Having a way to spend tokens is meaningless if I cannot earn them.
My go out of ones way to of view is for you to focus your attention, not only in protocols, but also in any outline which aims to distribute tokens to users as a reward for participating in the network.
Any way you can notion of of: as a miner, as a staker (hodler) or as a user. Projects like Steemit, Bitclave, Neo or Pre-eminence – which offer an actual incentive to use the network – are great examples because any deputy who interacts with the network gets richer for participating.
As you enrich the network, the network embellishes you.
This is, to me, the true meaning of decentralization: competition and cooperation come hand-to-hand. It’s not not about your own gains, but also the network gains and how you contribute to its change for the better and growth.
The cryptocurrency ecosystem will change how we deal with information, information or even time. Our attention will be the new oil as we now, too, have a way to monetize it.

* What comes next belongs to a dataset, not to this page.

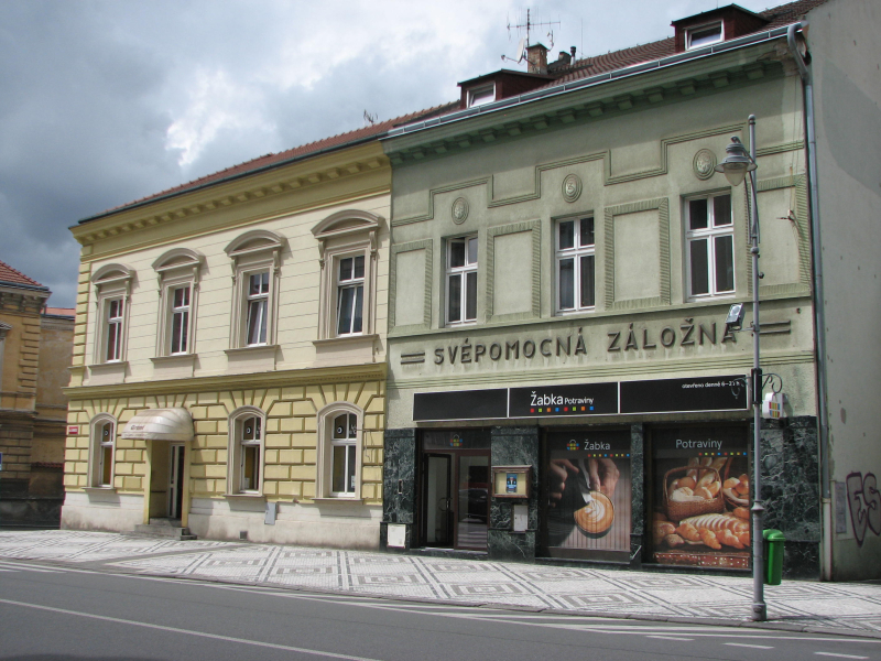 Obr.: Budova původní Svépomocné záložny, která byla přepadena. Fotografie od Jiřího Popoviče. Nynější potraviny Žabka.

Do not plug up investing in ICOs because some are scams or because they’re too perilous. It’s the only way to keep the system running. Be smarter about it and think of sense a business could potentially benefit from distributing rewards to its network of operators and put your money into ICOs doing exactly that.
Don’t waste your faith on the market and let it mature; some projects will at last rise to the top.
The only remaining question is: will you be riding them, or what?